Everything from the line that has "sheriff and paperwork." to the last line of the listing must be repeated exactly, and nothing more; omit the pictures.

Dataset section
===============

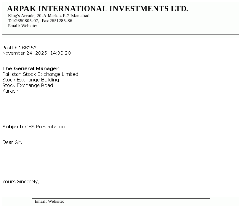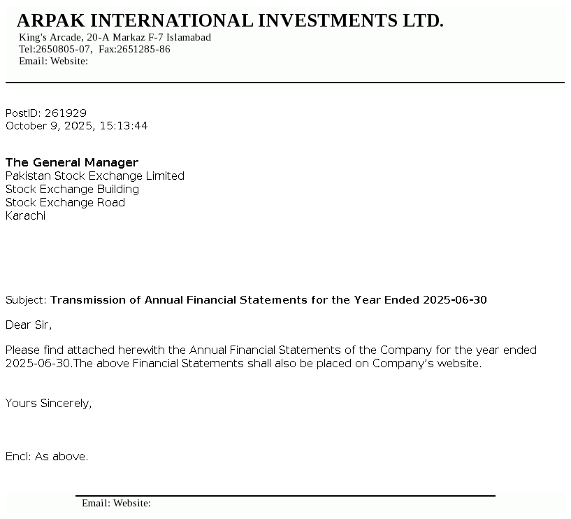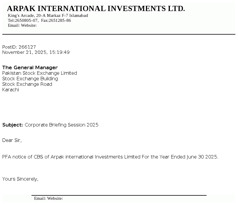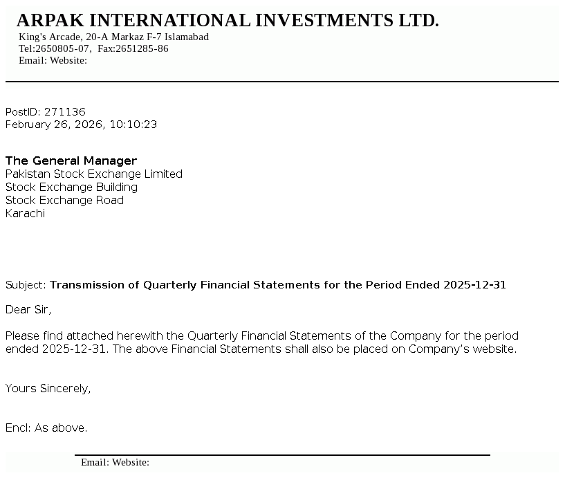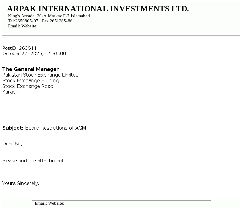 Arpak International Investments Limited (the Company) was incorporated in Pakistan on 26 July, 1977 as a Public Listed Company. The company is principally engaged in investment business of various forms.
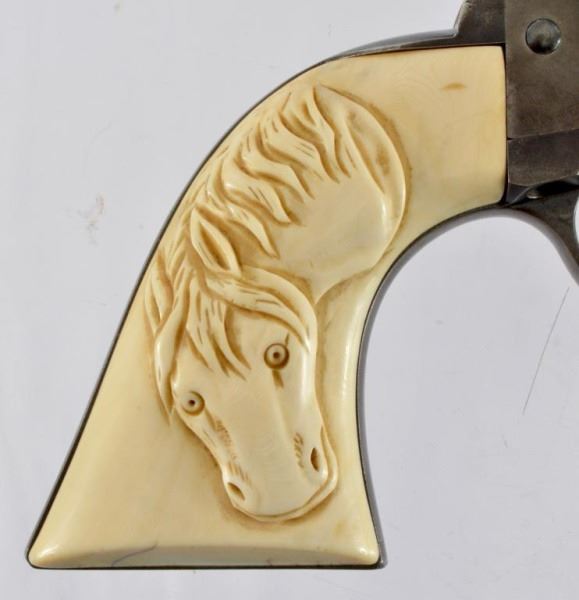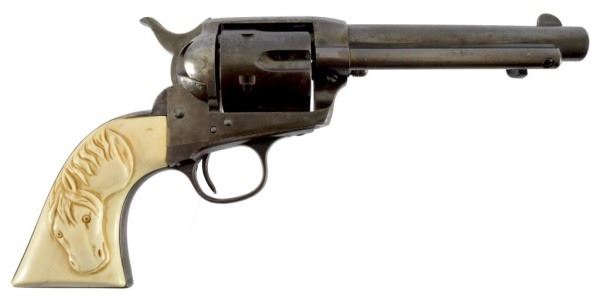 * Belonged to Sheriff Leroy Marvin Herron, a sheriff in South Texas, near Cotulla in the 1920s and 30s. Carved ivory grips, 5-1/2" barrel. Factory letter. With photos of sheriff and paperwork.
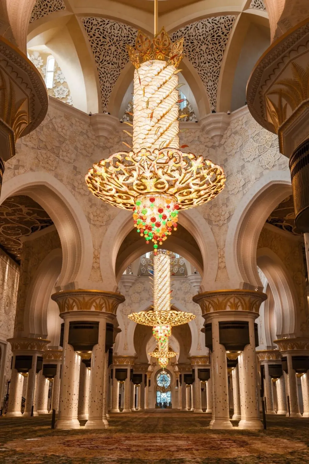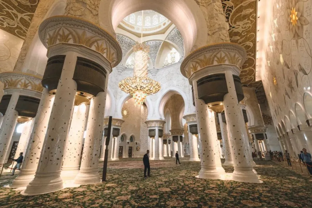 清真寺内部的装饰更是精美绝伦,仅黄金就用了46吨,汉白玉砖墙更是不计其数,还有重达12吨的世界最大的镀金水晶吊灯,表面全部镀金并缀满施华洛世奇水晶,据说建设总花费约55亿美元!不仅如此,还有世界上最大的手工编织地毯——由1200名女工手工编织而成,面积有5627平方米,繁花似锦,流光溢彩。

===============

Result for this task
 * Belonged to Sheriff Leroy Marvin Herron, a sheriff in South Texas, near Cotulla in the 1920s and 30s. Carved ivory grips, 5-1/2" barrel. Factory letter. With photos of sheriff and paperwork.
 清真寺内部的装饰更是精美绝伦,仅黄金就用了46吨,汉白玉砖墙更是不计其数,还有重达12吨的世界最大的镀金水晶吊灯,表面全部镀金并缀满施华洛世奇水晶,据说建设总花费约55亿美元!不仅如此,还有世界上最大的手工编织地毯——由1200名女工手工编织而成,面积有5627平方米,繁花似锦,流光溢彩。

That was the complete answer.